- _Goal of the exercise_
An exact copy of each line below is needed, with no images in it.

- _Data_
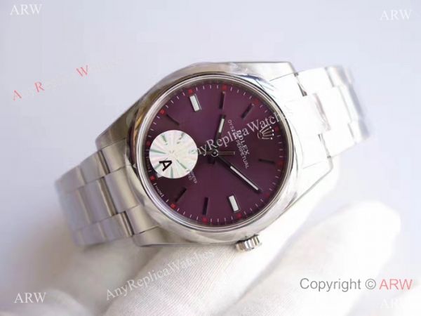 Replica Rolex Oyster Perpetual New Red Grape Dial Stainless Steel Swiss 3132 Watch JF Factory
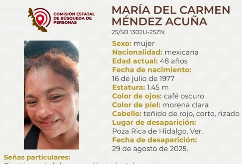 Se trata de Miriam Cristel Rodríguez Quintero de 27 años de edad y que desapareció el lunes 01 de septiembre y de María del Carmen Méndez Acuña de 48 años de edad que fue vista por última vez el 29 de agosto.
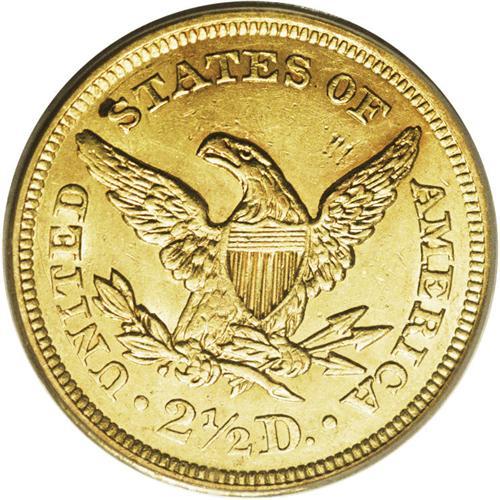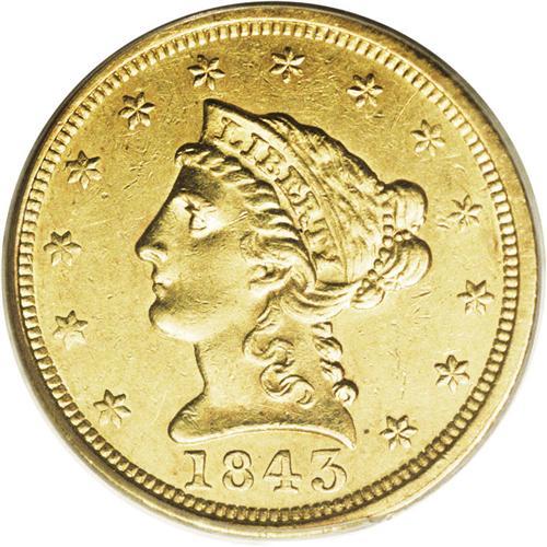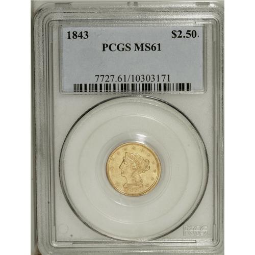 <B>1843<$2 1/2> MS61 PCGS.</B></I> By modern standards, the mintage of 100,546 coins seems modest, although this was a substantial quantity in 1843. Circulated examples of this date are rather common, but Mint State examples are surprisingly scarce. This piece has satiny light gold color and fully luster. A few faint surface marks are consistent with the grade. Population: 2 in 61, 6 finer (8/06).<BR><I>From The Della Collection.</B></I>

- _Output for this task_
 Replica Rolex Oyster Perpetual New Red Grape Dial Stainless Steel Swiss 3132 Watch JF Factory
 Se trata de Miriam Cristel Rodríguez Quintero de 27 años de edad y que desapareció el lunes 01 de septiembre y de María del Carmen Méndez Acuña de 48 años de edad que fue vista por última vez el 29 de agosto.
 <B>1843<$2 1/2> MS61 PCGS.</B></I> By modern standards, the mintage of 100,546 coins seems modest, although this was a substantial quantity in 1843. Circulated examples of this date are rather common, but Mint State examples are surprisingly scarce. This piece has satiny light gold color and fully luster. A few faint surface marks are consistent with the grade. Population: 2 in 61, 6 finer (8/06).<BR><I>From The Della Collection.</B></I>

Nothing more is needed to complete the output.